FIG. 6 shows a plan view of a semiconductor wafer of Conventional Example 2.

FIG. 7 shows a semiconductor wafer of Conventional Example 2 which is OF
FIG. 2 is an enlarged vertical sectional view partially cut away when cut across a portion.

FIG. 8 is a plan view showing a semiconductor wafer with an off-angle of Conventional Example 3.

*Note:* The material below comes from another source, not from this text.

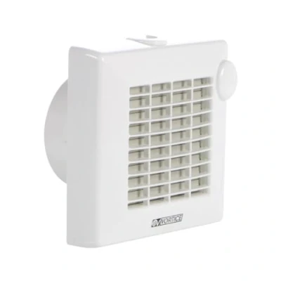 General description The Punto M 150 T LL extractor fan is designed for efficient ventilation in various settings. With a sleek white housing made from UV-resistant ABS, this fan combines functionality with durability. It features a powerful motor that ensures optimal airflow while maintaining a low noise level. Technical specifications Voltage: 220-240 V ~ 50 Hz Nominal size: 150 mm Bearings: ball bearing Speed levels: 1 Wattage: 30 W Current consumption: 0.15 A Revolutions per minute: 2100 Max. airflow rate: 335 m³/h Max. sound pressure level Lp-3m: 46 dB(A) Max. total pressure Pmax.: 59 Pa IP rating: IPX4 Insulation class: II Front cover dimensions: 214 x 215 x 47 mm Total depth: 117 mm Diameter duct connector: 156 mm Weight: 1.1 kg Other information Adjustable shut-off timer (3-20 min): fan turns off after expiration of the pre-set time Thermal overload protection Mounting options: wall, ceiling

FIG. 9 is a partially enlarged cross-sectional view of a semiconductor wafer with an off-angle according to Conventional Example 3.

[Explanation of symbols]

 DESCRIPTION OF SYMBOLS 1 Conventional example 1 Semiconductor wafer 2 Circumferential part 2-1 Chamfering peripheral part 3 Orientation flat part 4 Index flat part 21 Conventional example 2 Semiconductor wafer 22 Circular part 23 Orientation flat part 24 Index flat part 31 Conventional example 3 off Semiconductor wafer with angle 32 Circumferential part 33 Orientation flat part 34 Index flat part 40 GaAs semiconductor single crystal ingot 41 Semiconductor wafer with one off angle 42 Circular part 43 Orientation flat part 44 Index flat part 51 Semiconductor with two off angle according to the present invention Wafer 52 Circular part 53 Orientation flat part 54 Index flat part

Claims (2)

[Claims] An off-angle semiconductor wafer having a crystal plane orientation inclined at an arbitrary angle from a (100) plane,
The off-angled semiconductor wafer is provided with an orientation flat portion or an index flat portion which is flat in a direction parallel to a direction inclined at an arbitrary angle from the (100) plane with respect to the (100) plane. Semiconductor wafer. 2. The semiconductor wafer with an off-angle according to claim 1, wherein the orientation flat portion or the index flat portion is cleaved.